In some embodiments, at least one pad assembly is disposed on the upper surface of the substrate, the at least one pad assembly is in one-to-one correspondence with the at least one pixel assembly, the pixel assembly is die-bonded on the pad assembly, and the periphery of the pad assembly in the accommodation cavity is a circular structure adapted to the bottom of the accommodation cavity.

In some embodiments, the substrate is provided with a conductive hole penetrating through the upper surface of the substrate and the lower surface of the substrate, and the pad assembly and the pin assembly are electrically connected to each other through the conductive hole, the lower surface of the substrate is divided into an insulating region and a non-insulating region, and the pin assembly further includes a pin wire configured to connect a pin to the conductive hole, the pin is disposed in the non-insulating region, the insulating region is covered with solder resist ink, and the solder resist ink covers the pin wire in the insulating region.

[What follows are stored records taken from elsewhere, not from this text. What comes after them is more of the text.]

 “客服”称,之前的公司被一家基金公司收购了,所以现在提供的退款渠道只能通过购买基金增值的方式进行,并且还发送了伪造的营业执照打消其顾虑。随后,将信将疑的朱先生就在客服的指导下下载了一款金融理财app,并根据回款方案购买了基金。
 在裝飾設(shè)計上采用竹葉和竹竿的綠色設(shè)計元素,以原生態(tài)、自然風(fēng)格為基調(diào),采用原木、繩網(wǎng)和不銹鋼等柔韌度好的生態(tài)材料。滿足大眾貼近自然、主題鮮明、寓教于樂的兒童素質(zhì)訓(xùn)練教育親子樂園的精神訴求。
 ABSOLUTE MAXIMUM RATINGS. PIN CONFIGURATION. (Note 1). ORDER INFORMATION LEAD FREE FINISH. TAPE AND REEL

In another aspect, the present application further provides an LED display device, where any LED display device array mentioned above is cut along the cutting line such that the LED display device is formed.

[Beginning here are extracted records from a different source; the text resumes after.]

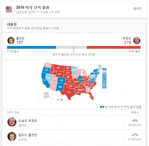 트럼프가 휙휙 앞서나갑니다. -..-;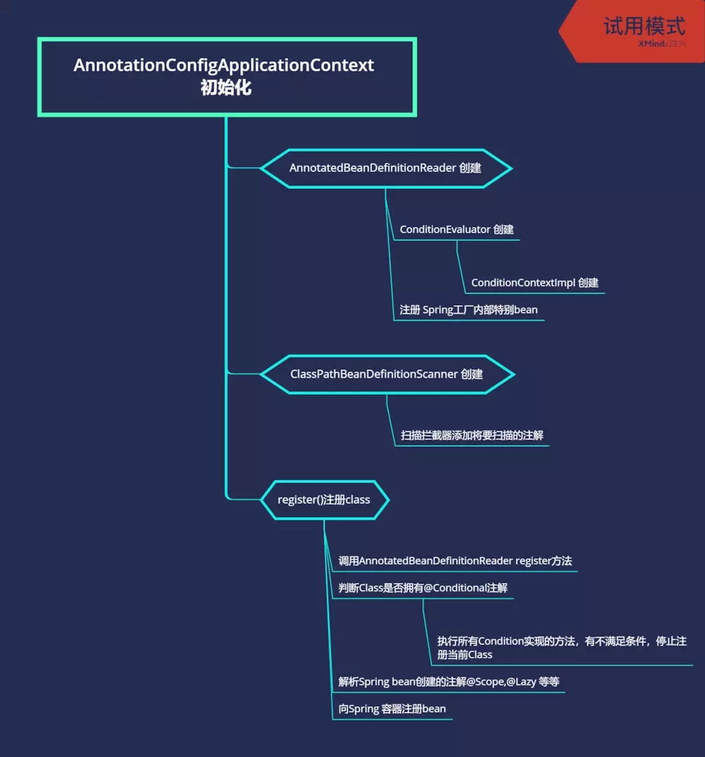 这个方法就是将注册的Bean,解析Class上的注解,初始化注解数据,做相应处理,转化成BeanDefinition ,放入Spring 容器中保存起来。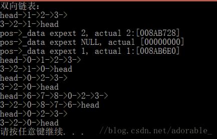 cout << "双向链表:" << endl;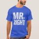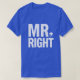 Denna brudgums tee stolt proklamerar “Rätt herr” med stora vita bokstäver. En liten ikon av en cylinder är placerad bredvid texten, vilket ger en formell men rolig touch. Den kungblåa skjortan får budskapet att sticka ut. Det är en självsäker, fräck present till brudgummen att ha på sig på repetitionsmiddagar eller medan han gör sig redo på bröllopsdagen.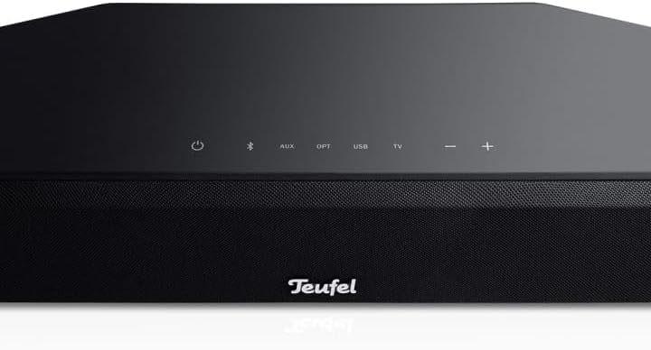 - Line-In, optischer Digitaleingang, Klanganpassungen, drei zusätzliche Soundmodi, darunter der Voice Mode verbessert die Verständlichkeit (auch für Hörgeschädigte), 7 Status-LEDs unterm edlen Stoffcover dimmen automatisch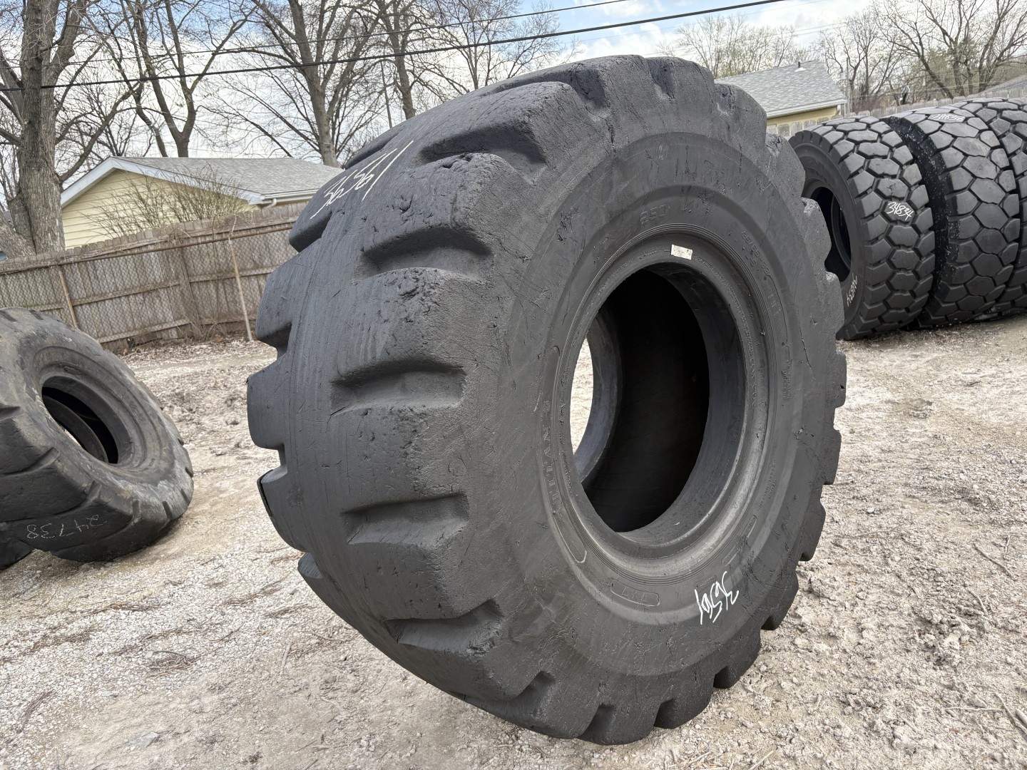 35/65X33 Titan brand bias OTR tractor tire. It is a LD250 L-5 model with a 42-Ply load rating. This is a Used tire with a tread depth of 60/32nds. The condition report reads: Clean, 2-Sidewall Spots, Liner Spot.

The present application adopts the technical solution described below.

An LED display device includes a substrate, a circuit assembly, a pin assembly, at least one RGB chip group, and a metal identifier.

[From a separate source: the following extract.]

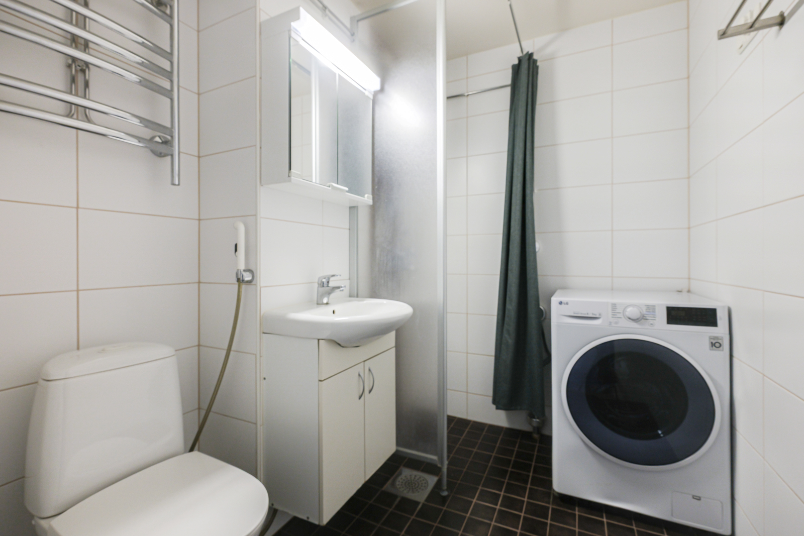 WC-istuin, peilikaappi, suihkuseinä, pesukoneliitäntä, suihku ja kiinteät valaisimet, seinät (kaakeli), lattiat (laatta) |

The substrate has an upper surface and a lower surface, where the upper surface includes a wiring region and a non-wiring region.

The circuit assembly is disposed on the upper surface of the substrate and includes a metal wire and at least one pad assembly connected to the metal wire, where the metal wire is disposed in the wiring region, and the at least one pad assembly is disposed in the non-wiring region.

The pin assembly is disposed on the lower surface of the substrate and connected to the circuit assembly through a conductive hole penetrating through the substrate.

The at least one RGB chip group is disposed on the at least one pad assembly, respectively.

The metal identifier is used for identifying the position of the at least one RGB chip group in the substrate, fixed in the non-wiring region, and connected to the metal wire by a connecting metal wire.

In some embodiments, the LED display device further includes a black ink layer, where the black ink layer is disposed on the upper surface of the substrate and covers the metal wire and the connecting metal wire.

In some embodiments, the RGB chip group includes a red LED chip, a green LED chip, and a blue LED chip, where each of the red LED chip, the green LED chip, and the blue LED chip is a flip chip.

In some embodiments, the pad assembly includes three pairs of pads, the three pairs of pads are correspondingly connected to the red LED chip, the green LED chip, and the blue LED chip respectively, two pads in each pair of pads are axisymmetrically disposed, and midlines of the two pads in the each pair are on the same straight line.

In some embodiments, the conductive hole includes a common-electrode conductive hole, where the common-electrode conductive hole is connected to electrodes of the same polarity of all chips in the at least one RGB chip group through the metal wire and the pad assembly.

In some embodiments, the metal identifier is connected to the common-electrode conductive hole through the connecting metal wire.

Another object of the present application is to further provide a display panel including the LED display device mentioned above.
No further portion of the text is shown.